En revanche, ce baromètre montre clairement des différences de perception par grandes régions du monde. Ainsi, les CCE installés en Europe, en Amérique latine, au Moyen-Orient et en Eurasie qui reportent les perceptions dans leur entreprise mais également dans leur écosystème, sont plus optimistes quant à l’attractivité que ceux installés en Amérique du Nord, en Asie-Pacifique et en Afrique.

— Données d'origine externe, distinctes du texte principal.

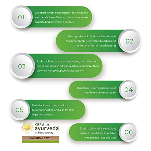 Kerala Ayurveda Drakshadi Kwath is a famous Ayurveda formulation that acts as a cooling and refreshing mediciine by virtue of its ingredients. A good hepato-protective Drakshadi Kwath helps relieve Jaundice bleeding disorders chronic fever and excessive thirst. Drakshadi Kwath helps protect the livr from the ill effects of alcohol and aids smooth metabolism. It also supports deigestive health and helps the burning sensation.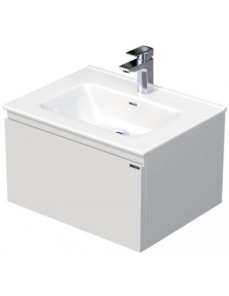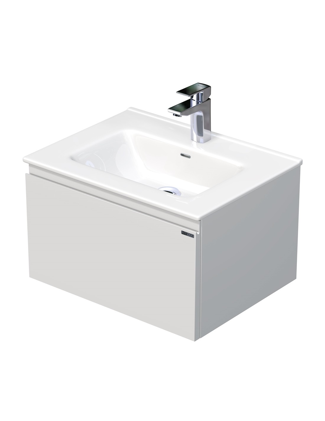 LETTY Komplet badmiljø med håndvask til bordmonteret armatur. Badmiljøet kommer med 1 skuffe med softclose og er fremstillet i MDF. Håndvasken er fremstillet i hvid keramik. Badmiljøet måler 60 / 61 cm i bredden. Det viste armatur medfølger ikke i sættet.

97 % de projets d’IDE maintenus
Point très positif : la majorité des entreprises représentées par les CCE maintiennent leur engagement en France. Seuls 3 % des répondants déclarent avoir annulé un projet d’investissement en 2024 ou 2025, et ceci essentiellement pour des raisons conjoncturelles. Toutefois, les investissements prévus pour les années à venir sont majoritairement d’ordre commercial (45 %) plutôt qu’industriel (24 %).

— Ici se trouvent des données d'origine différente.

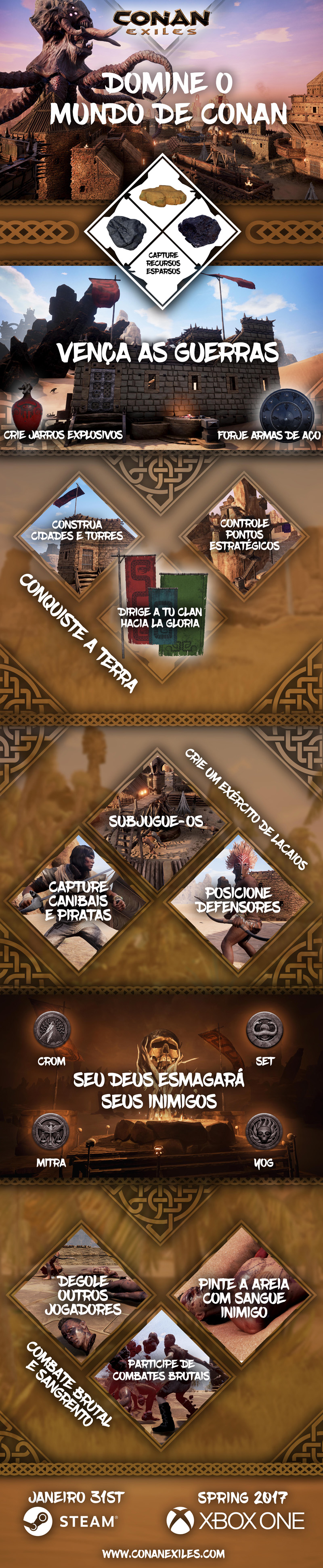 Não será fácil esmagar seus inimigos no Conan Exiles. O mundo está cheio de criaturas perigosas, facções hostis e jogadores agressivos. Para dominá-lo você precisará ter habilidade, estratégia, perseverança e, acima de tudo, precisará ser implacável.

En outre, à 79 %, ils plébiscitent la création de centres de recherche et développement (79%), en particulier en Amérique du Nord, en Eurasie et en Asie-Pacifique. L’enquête indique un renforcement de l´attractivité dans plusieurs secteurs d’avenir tels que l’intelligence artificielle, l’énergie et la décarbonation, très porteurs en Amérique du Nord et au Moyen-Orient.
Alors que la politique américaine depuis l’investiture de Donald Trump rebat les cartes mondiales de l’attractivité, la France a de solides atouts dans sa manche pour se maintenir dans le jeu. La partie est cruciale pour l’économie nationale. Selon les données de l’Insee 18 800 entreprises étrangères employaient 2,3 millions de personnes en France en 2022, soit 13 % des effectifs (hors secteurs agricoles et financiers) et les décisions d’investissement prises en 2024 devraient créer ou maintenir 37 787 emplois selon Business France.
Déterminante pour les investisseurs étrangers, la perception de la France l’est également pour toutes les entreprises françaises travaillant à l’international. Et si la réputation du pays et de ses habitants, mêlant un penchant à la bureaucratie et une certaine inventivité, demeure solide il serait imprudent de se reposer sur ses lauriers. En 2024, les IDE ont en effet reculer de 7 % selon Business France et de 10 % selon la Cnuced.